I do not think it is possible to rule this scenario out with any great degree of certainty, given all that has become known about the pervasive institutional corruption of policing in the USA. I think it can safely be assumed that neither the mayor nor her chief of police are involved, but it is not necessary for either to be involved; any such conspiracy could easily be lower down. In fact, it’s more plausible for it to be so, because it would make for a smaller conspiracy, and smaller conspiracies are easier to keep secret.

It is important to state at this point that all the above is mere conjecture and I have no hard evidence whatsoever to suggest that it is the case. The rub is, the narrative that the shootings are all directly the fault of the protesters also has no hard evidence in its favor, given the almost total lack of information about perpetrators and motives.

The above is the maximally-damaging plausible scenario for the Establishment. A somewhat less-damaging scenario for it is that the shootings are mostly the work of violent right-wing extremists set on discrediting the movement.

Note that (in contrary to the Establishment narritive that it’s the protesters fault) there is actually some evidence in favor of the right-wing extremist conjecture. (Note also that it is not incompatible with the police-corruption conjecture; it is plausible that corrupt cops could have reached out to right-wing extremists and encouraged them.)
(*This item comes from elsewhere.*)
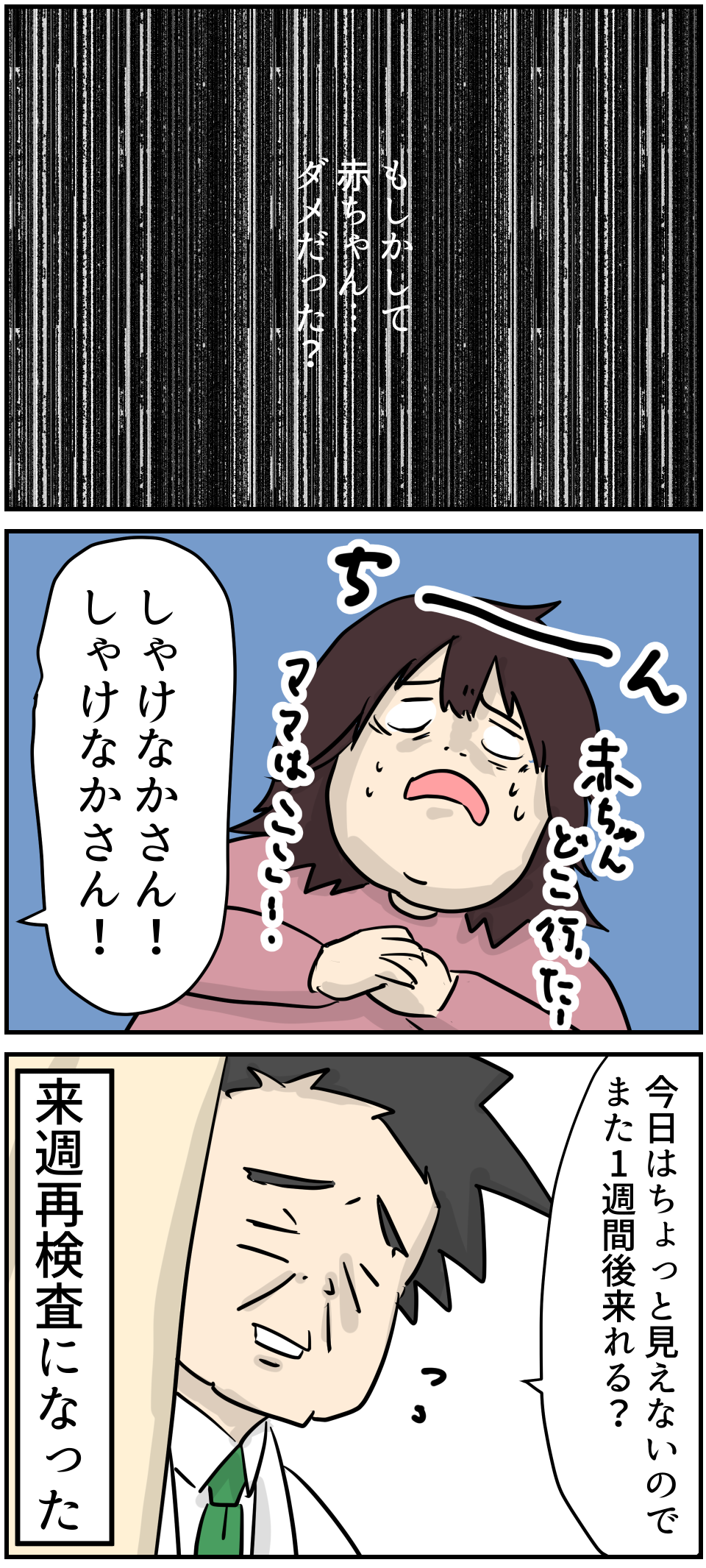 それを聞いた時、パニックになりました。だって昨日の今日ですよ!お腹の中の赤ちゃんが見えなくなって、さらにこれかなと思うような影は小さすぎるって…(おそらく出血の影)

Bottom line here is not to be squarely in favor of any of the scenarios above, as all the puzzles are missing a lot of pieces, only to point out that the Establishment narrative (that the zone was a shit-show that had to be ended) is itself one of those puzzles missing most of its pieces, and that to accept it on face value is to fall for Establishment propaganda.

On Testing, Trump Says the Quiet Part Loud

Published at 11:35 on 22 June 2020

He’s now all but admitted that his regime deliberately slowed down COVID-19 testing for political purposes.

Of course it did. It’s something that made sense to suppose was happening at the time (i.e. February and March), because they USA was doing such an astoundingly bad job at testing that it was hard to chalk it all up to mere random chance.

Remember, community spread in the USA was first detected in Seattle, for the simple reason that Dr. Helen Chu, a researcher Fred Hutch, decided to ignore the regulations and conduct unapproved testing for COVID-19 anyhow. And then there’s the strange and (otherwise mystifying) decision for the Trump regime to develop its own testing, during a crisis, when time is critical, even though the WHO was distributing a test that was already successfully being used in the rest of the world.

Yes, it’s that bad.

So, the most logical answer to the question “Is Trump really meaning it when he talks about deliberately slowing the pace of testing?” is: “Yes he is and yes he did.” It is the answer that jibes best with observable reality.